Friday, August 18, 2017

Discriminant analysis and linear regression

Linear discriminant analysis and linear regression are both supervised learning techniques. But, the first one is related to classification problems i.e. the target attribute is categorical; the second one is used for regression problems i.e. the target attribute is continuous (numeric).

However, there are strong connections between these approaches when we deal with a binary target attribute. From a practical example, we describe the connections between the two approaches in this case. We detail the formulas for obtaining the coefficients of discriminant analysis from those of linear regression.

We perform the calculations under Tanagra and R.

Keywords: linear discriminant analysis, predictive discriminant analysis, multiple linear regression, wilks' lambda, mahalanobis distance, score function, linear classifier, sas, proc discrim, proc stepdisc
Components: LINEAR DISCRIMINANT ANALYSIS, MULTIPLE LINEAR REGRESSION
Tutorial: en_Tanagra_LDA_and_Regression.pdf
Programs and dataset: lda_regression.zip
References:
C.J. Huberty, S. Olejnik, « Applied MANOVA and Discriminant Analysis »,Wiley, 2006.
R. Tomassone, M. Danzart, J.J. Daudin, J.P. Masson, « Discrimination et Classement », Masson, 1988.

Friday, August 11, 2017

Gradient boosting with R and Python

This tutorial follows the course material devoted to the “Gradient Boosting” to which we are referring constantly in this document.

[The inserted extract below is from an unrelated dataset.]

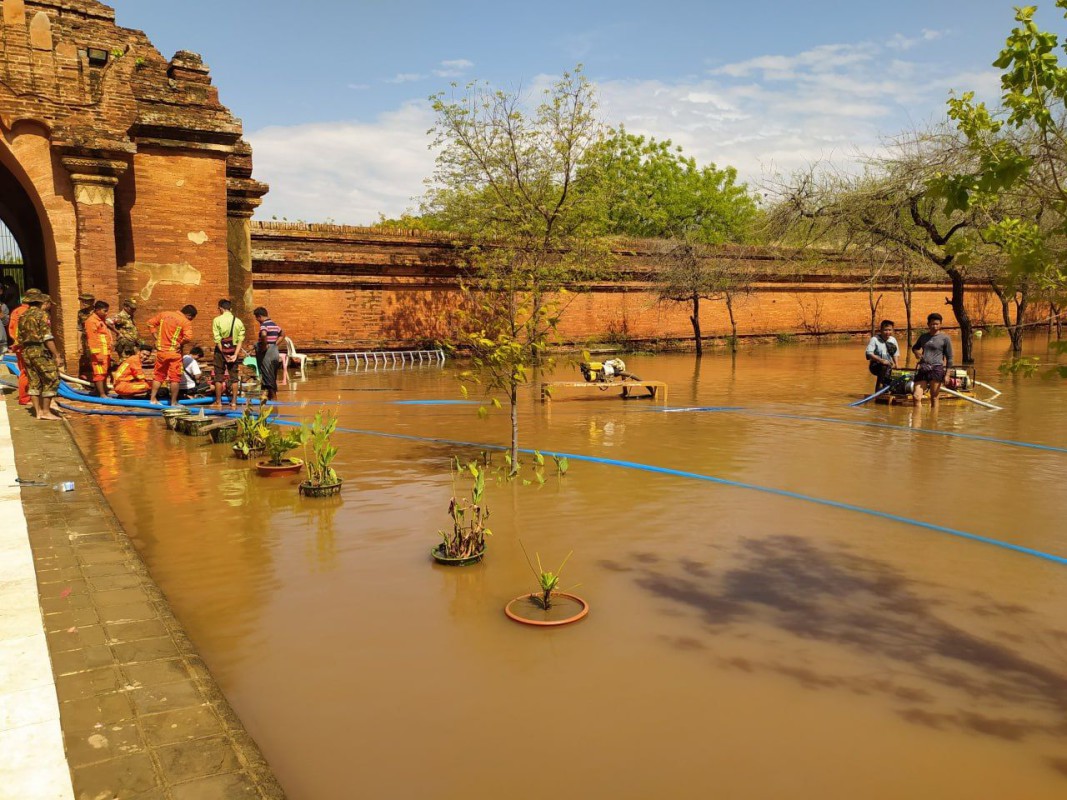 လက်ရှိတွင် ရေအမြန်ပြန်ကျရန် ဆောင်ရွက်လျက်ရှိပြီး မိုးရွာသွန်းမှုကြောင့် ဘုရားများအတွင်း ရေဝင်ရောက်မှုများနှင့် ထိခိုက်မှု အနည်းငယ်သာရှိခဲ့ကြောင်း ၎င်းမှ ဆက်လက်ပြောဆိုထားသည်။

It also comes in addition to the supports and tutorials for Bagging, Random Forest and Boosting approaches (see References).

The thread will be basic: after importing the data which are split into two data files (learning and testing) in advance, we build predictive models and evaluate them. The test error rate criterion is used to compare performance of various classifiers.

The question of parameters, particularly sensitive in the context of the gradient boosting, is studied. Indeed, there are many parameters, and their influence on the behavior of the classifier is considerable. Unfortunately, if we guess about the paths to explore to improve the quality of the models (more or less regularization), accurately identifying the parameters to modify and set the right values are difficult, especially because they (the various parameters) can interact with each other. Here, more than for other machine learning methods, the trial and error strategy takes a lot of importance.

We use R and Python with their appropriate packages.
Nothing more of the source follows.